***** DATA IN THIS EXERCISE *****

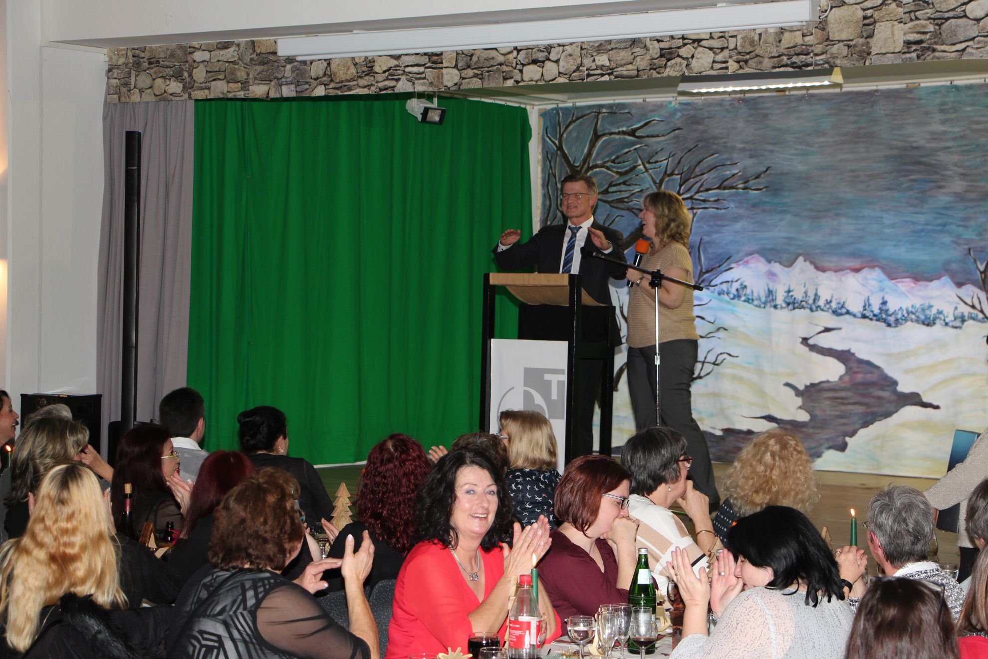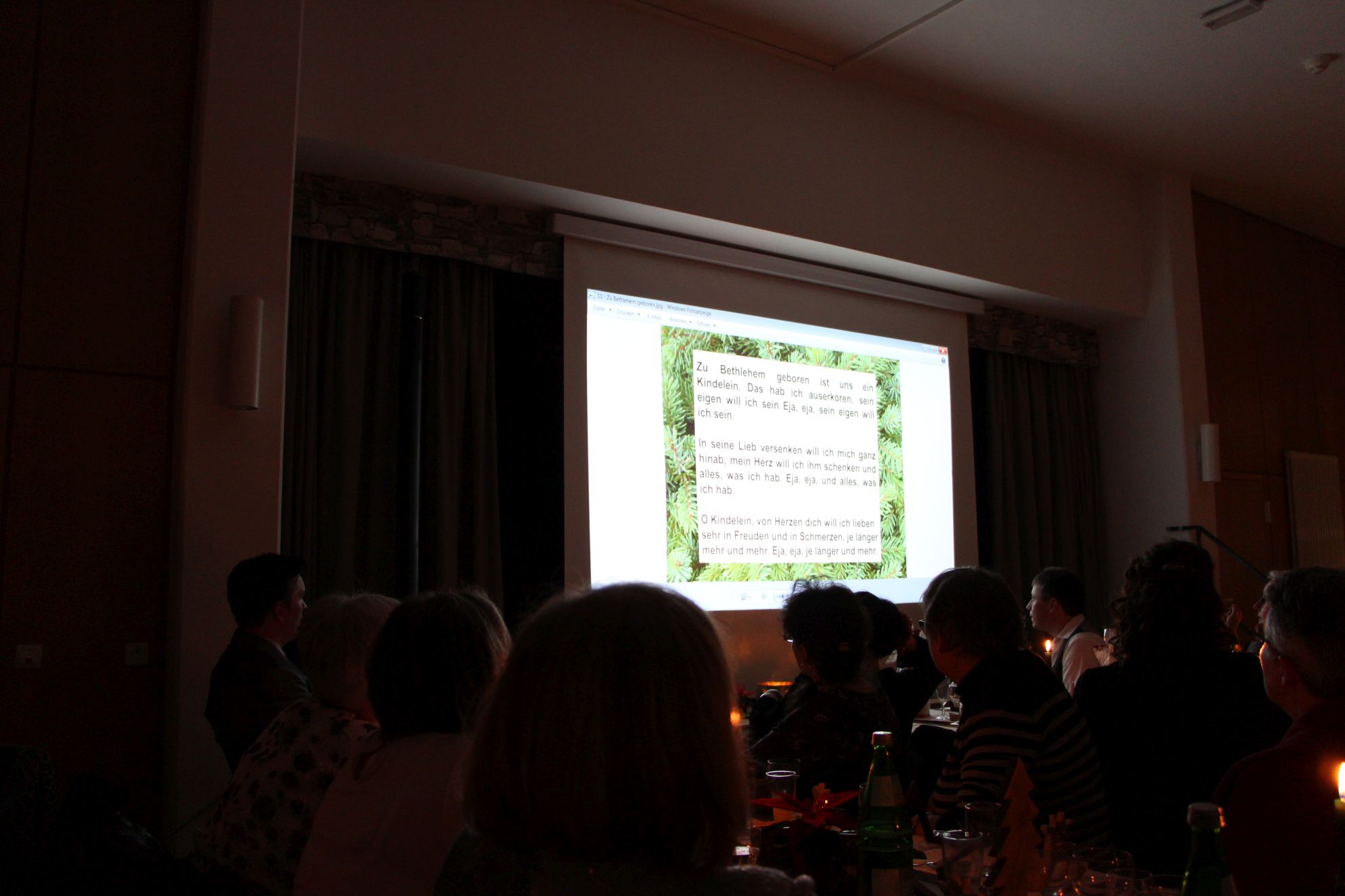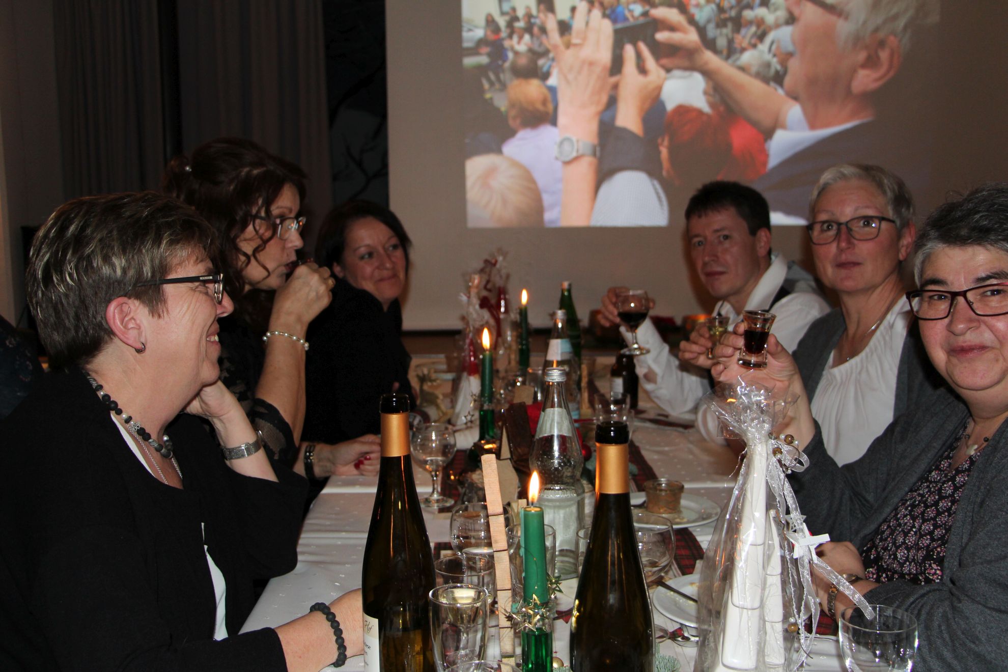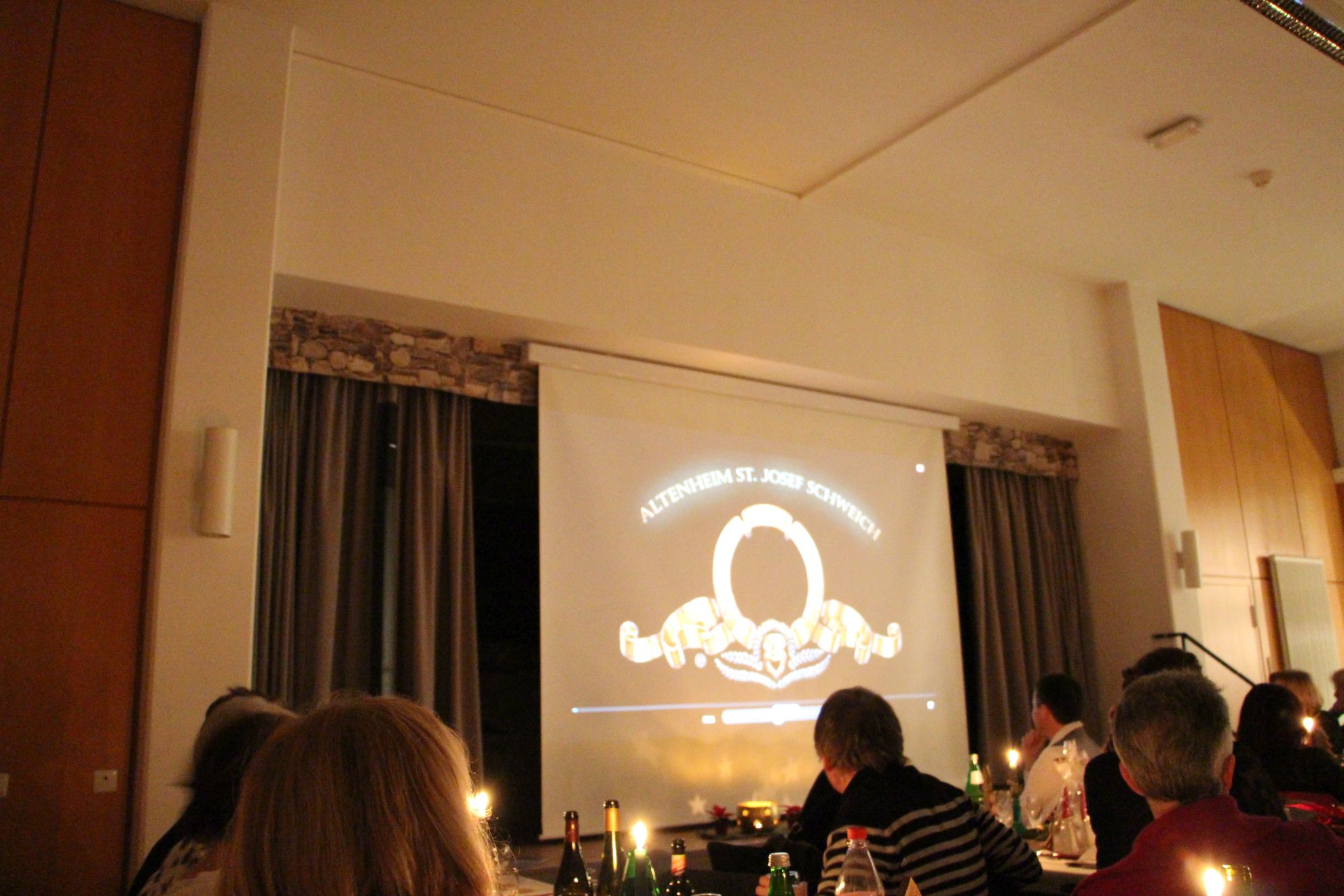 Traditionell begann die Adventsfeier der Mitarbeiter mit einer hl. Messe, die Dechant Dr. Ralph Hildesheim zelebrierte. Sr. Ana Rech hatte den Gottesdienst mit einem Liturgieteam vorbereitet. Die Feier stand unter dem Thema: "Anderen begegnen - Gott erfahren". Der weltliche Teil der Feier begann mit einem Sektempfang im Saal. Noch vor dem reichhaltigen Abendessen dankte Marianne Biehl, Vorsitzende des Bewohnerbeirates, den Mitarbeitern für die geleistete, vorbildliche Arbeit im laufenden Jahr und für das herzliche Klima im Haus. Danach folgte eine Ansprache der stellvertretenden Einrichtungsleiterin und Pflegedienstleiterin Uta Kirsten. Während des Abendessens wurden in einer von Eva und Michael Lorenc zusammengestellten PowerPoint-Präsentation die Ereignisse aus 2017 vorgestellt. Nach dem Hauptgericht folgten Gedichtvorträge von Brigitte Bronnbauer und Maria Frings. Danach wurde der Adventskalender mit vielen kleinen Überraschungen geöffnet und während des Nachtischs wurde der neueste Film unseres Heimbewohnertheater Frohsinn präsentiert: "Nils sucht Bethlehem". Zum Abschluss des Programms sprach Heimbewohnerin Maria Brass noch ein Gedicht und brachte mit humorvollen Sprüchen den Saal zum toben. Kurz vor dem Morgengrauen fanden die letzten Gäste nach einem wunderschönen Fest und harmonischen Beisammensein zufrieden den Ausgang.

*****
***** DATA IN THIS EXERCISE *****

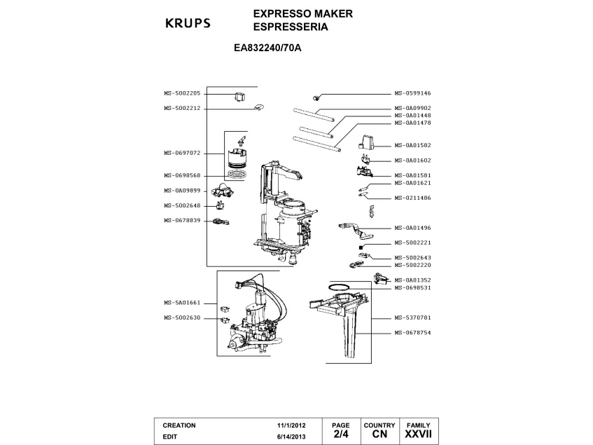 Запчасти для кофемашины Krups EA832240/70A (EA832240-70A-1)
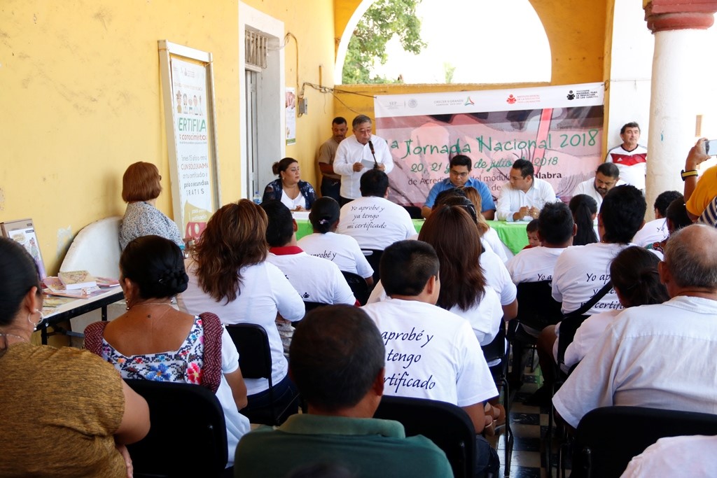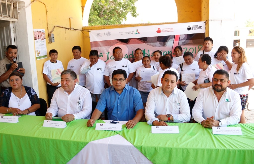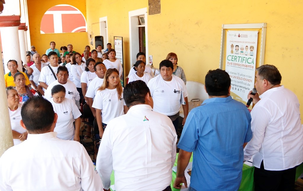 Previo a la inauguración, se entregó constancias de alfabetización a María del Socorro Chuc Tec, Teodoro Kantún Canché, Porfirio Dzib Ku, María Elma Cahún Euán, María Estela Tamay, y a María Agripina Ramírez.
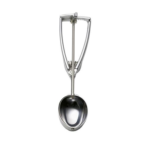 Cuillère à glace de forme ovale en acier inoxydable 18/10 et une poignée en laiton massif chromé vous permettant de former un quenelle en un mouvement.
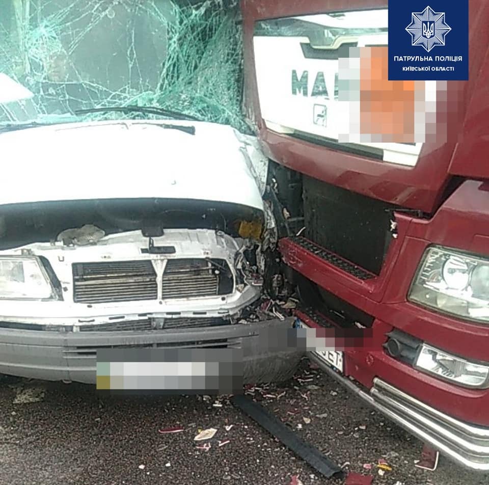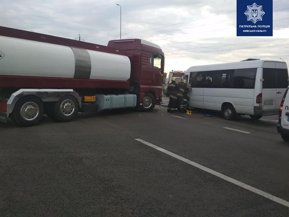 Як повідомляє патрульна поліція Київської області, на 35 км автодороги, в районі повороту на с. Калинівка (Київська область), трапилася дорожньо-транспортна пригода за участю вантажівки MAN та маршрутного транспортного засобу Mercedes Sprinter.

*****

* [BRIEF]: The answer is the lines above from the one with "Запчасти для кофемашины" to the one with "Як повідомляє патрульна", set down exactly, with no pictures.

* [TASK OUTPUT]:
 Запчасти для кофемашины Krups EA832240/70A (EA832240-70A-1)
 Previo a la inauguración, se entregó constancias de alfabetización a María del Socorro Chuc Tec, Teodoro Kantún Canché, Porfirio Dzib Ku, María Elma Cahún Euán, María Estela Tamay, y a María Agripina Ramírez.
 Cuillère à glace de forme ovale en acier inoxydable 18/10 et une poignée en laiton massif chromé vous permettant de former un quenelle en un mouvement.
 Як повідомляє патрульна поліція Київської області, на 35 км автодороги, в районі повороту на с. Калинівка (Київська область), трапилася дорожньо-транспортна пригода за участю вантажівки MAN та маршрутного транспортного засобу Mercedes Sprinter.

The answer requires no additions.